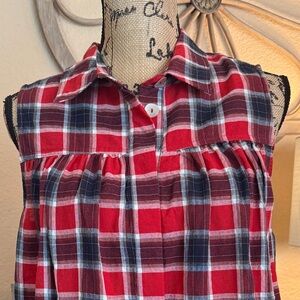 📌Sleeveless Red and Black Checkered Top with Raw Hem
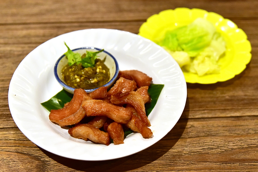 5. Fried Pork Shoulder with Green Chili Dip and Boiled Cabbage (99++ THB) – คอหมูทอดเสิร์ฟคู่กับน้ำพริกหนุ่มและกะหล่ำปลีนึ่ง
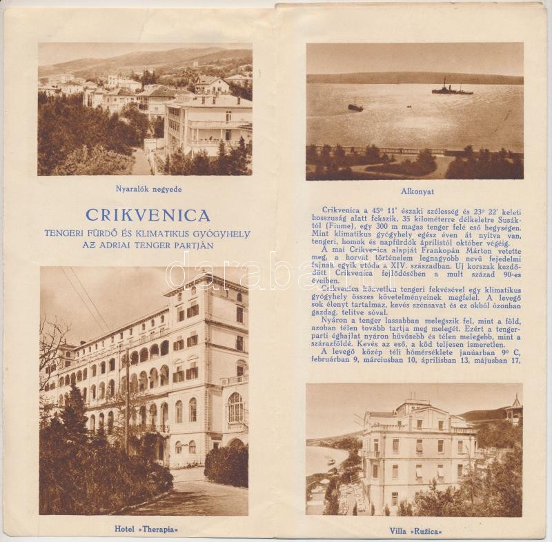 Beschreibung: cca 1930-1940 "Crikvenica, Jugoszlávia legszebb klimatikus fürdőhelye az Adrián", fotükkal illusztrált utazási prospektus

-- -- --

WHAT IS BEING ASKED: Could you restate the material word for word, omitting the pictures?

YOUR RESPONSE:
 📌Sleeveless Red and Black Checkered Top with Raw Hem
 5. Fried Pork Shoulder with Green Chili Dip and Boiled Cabbage (99++ THB) – คอหมูทอดเสิร์ฟคู่กับน้ำพริกหนุ่มและกะหล่ำปลีนึ่ง
 Beschreibung: cca 1930-1940 "Crikvenica, Jugoszlávia legszebb klimatikus fürdőhelye az Adrián", fotükkal illusztrált utazási prospektus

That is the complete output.